Monday, June 8, 2009

Penny Lover

While counting out the ridiculous amount of pennies, people leave us in our tip jar, I was reminded of a special moment I experienced in college. Okay, I probably shouldn't use the word "special" because it doesn't involve clothing the naked or feeding the hungry. But, it does involve a near death experience...

One night my freshman year in college, my coach had our entire team over for a barbecue. On the way home, the entire freshman class, which consisted of 8 people, were jammed into a Ford Explorer and a Isuzu Trooper. At the first stop sign, I grabbed a handful of powdered doughnuts and threw them at the Explorer. (I would like to say I was being an immature freshman, but if given the chance, I would do the same thing tomorrow.) In retaliation, the Explorer unleashed a handful of cut up fruit and a water bottle. And so it began. At each stop sign, we would get out of the car and throw food at each other. Eventually, we ran out of food, so we decided something a little more lethal...pennies. My roommate always had a cup full of them and I could never figure out why she had such a stash...until now. I'll never forget the sound of those pennies pinging off the hood of the Explorer.
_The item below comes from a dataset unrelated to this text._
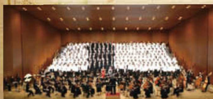
神戸文化ホール第九合唱団& 神戸フィルハーモニック

Now, this is where the fun took a bad turn...after the last stop sign the Explorer got in front of us, and while driving through a narrow bridge, decided to turn the wheel all of the sudden and cut off the exit. Again, 12 years ago, and I can still remember putting my foot on the dashboard, and while screaming, "Brakkeee!!!" seeing the horrified faces of my friends in the approaching Explorer. I'm happy to report that my roommate didn't hit the Explorer, but I did wet my pants.

So, see pennies are good for nothing. One, they really can't buy anything. Two, they cause potential accidents. Three, they cause grown women to wet themselves. AND Four, they aren't substitutes for tips. Come on you cheap bastards - drop at least a quarter in.